Family, community and dill pickles

I really do love pickles, but that’s not the only reason I make them. I also make pickles to feel connected to my heritage.

My recipe for half sour kosher dill pickles comes from my great grandmother, Rebecca Eisner, and maybe it’s been passed down for generations before that. I love to imagine my ancestors eating the same pickles before they left Europe for America, before their last name was changed from Dosgozsky (I’m not sure about the spelling) to Davis at Ellis Island, before a quarter of the family tree was decimated by the Holocaust.

Rebecca Eisner's daughter (my nana) and me

I’ve always been interested in my family’s history, and I believe that where my ancestors have been and what they’ve lived through has shaped who I am today. Typical of our mobile society, I grew up a several hour drive away from any family except my parents and brother. It was far enough that I didn’t see them all the time. None of my grandparents are alive now, and my extended family consists of one aunt, one uncle and two cousins. Really, that’s it, except for a great aunt in Pennsylvania I’ve met once. It’s remarkable the difference between my family and Andy’s. I think his family takes up a third of our wedding guest list.

When I was living in Costa Rica, I was struck by the large size and closeness of families in my small town. Extended families lived next door to or across town from each other. There was no option of forgetting where one came from. Everyone in town knew everyone else since birth. No one was anonymous.

In Costa Rica I thought a lot about family and community. Sometimes I felt sad that I didn’t have the kind of close extended family that I saw around me.
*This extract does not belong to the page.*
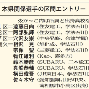トップ 福島のニュース 主要 住友電工 遠藤1区、阿部2区 1月1日、全日本実業団駅伝 2024/12/31 16:32 来年元日の全日本実業団対抗駅伝(群馬県庁発着=7区間、100キロ)の区間エントリーが30日、発表され、2連覇を狙うトヨタ自動車は3区にパリ五輪1万メートル代表の太田智樹を置き、最長区間の2区に鈴木芽吹、5区に西山雄介を配置した。 前回2位で2年ぶりの頂点を目指すホンダは2区にパリ五輪マラソン代表の小山直城がエントリー。2区は同五輪マラソン6位の赤崎暁(九電工)、マラソン日本記録保持者の鈴木健吾(富士通)も名を連ねた。 パリ五輪3000メートル障害8位の三浦龍司(SUBARU)は1区に登録された。 福島県関係では選手10人が【表】の通りエントリーした。 住友電工は学法石川高出身の遠藤日向と阿部弘輝がそれぞれ1区(12・3キロ)と2区(21・9キロ)を走り、たすきをつなぐ。 穴沢友崇(中央発條、会津学鳳高出身)は7区(15・6キロ)に起用された。相沢晃(旭化成、学法石川高出身)ら7人は補欠に回った。 ■展望 新人の能力高いトヨタ ホンダもV争い、混戦か 群馬県庁発着の7区間、100キロに37チームが参加して行われる全日本実業団対抗駅伝は、前回王者のトヨタ自動車や、同2位のホンダが優勝争いの軸となりそうだが、混戦模様だ。 トヨタ自動車は前回優勝メンバーの登録は3人のみだが、1区の吉居大和、2区の鈴木芽吹ら能力の高い新人が加わった。鈴木は11月に1万メートルで日本歴代5位の好記録をマーク。3区に前回2区区間賞の太田智樹、5区には西山雄介が控える。 2年ぶりの優勝を目指すホンダも充実した戦力で、2区の小山直城、3区の伊藤達彦ら、前回出場者が5人走る。前回3位の旭化成も3区の葛西潤ら、実力者を擁する。 GMOインターネットグループは東日本実業団対抗駅伝を初制覇し、勢いに乗る。東日本と同様に、今季絶好調の1区吉田祐也が流れを引き寄せられるか。富士通は2区に鈴木健吾、3区に塩尻和也を配置。マラソンと1万メートルでそれぞれ日本記録を持つ2人の走りで、主導権を握りたい。 21・9キロで最長の2区にはマラソンの有力選手が多数出走。パリ五輪6位の赤崎暁(九電工)、9月に日本歴代2位の記録を出した池田耀平(花王)らによる区間賞争いにも注目だ。

But then I realized that I did have an extended family. They aren’t related to me by blood, but they’ve watched me grow up.

They’re called the garden group. It started at least 16 years ago when my parents and several other families decided to get  together to help each other out in their gardens. Ever since, the garden group has gathered at a different house each month on a Sunday to work outdoors and then share a potluck lunch.

The garden group has been gathering for work, fun and food for at least 16 years

The garden group has weathered challenging times and experienced joy. Children have grown up. Hair has grayed. Some families have left and others have joined. But it’s always the same – mutual support then energetic conversation over delicious food.

It’s a simple model I think many others could follow. One of my greatest hopes is that when Andy and I settle down we can find a group of friends like my family has found in the garden group.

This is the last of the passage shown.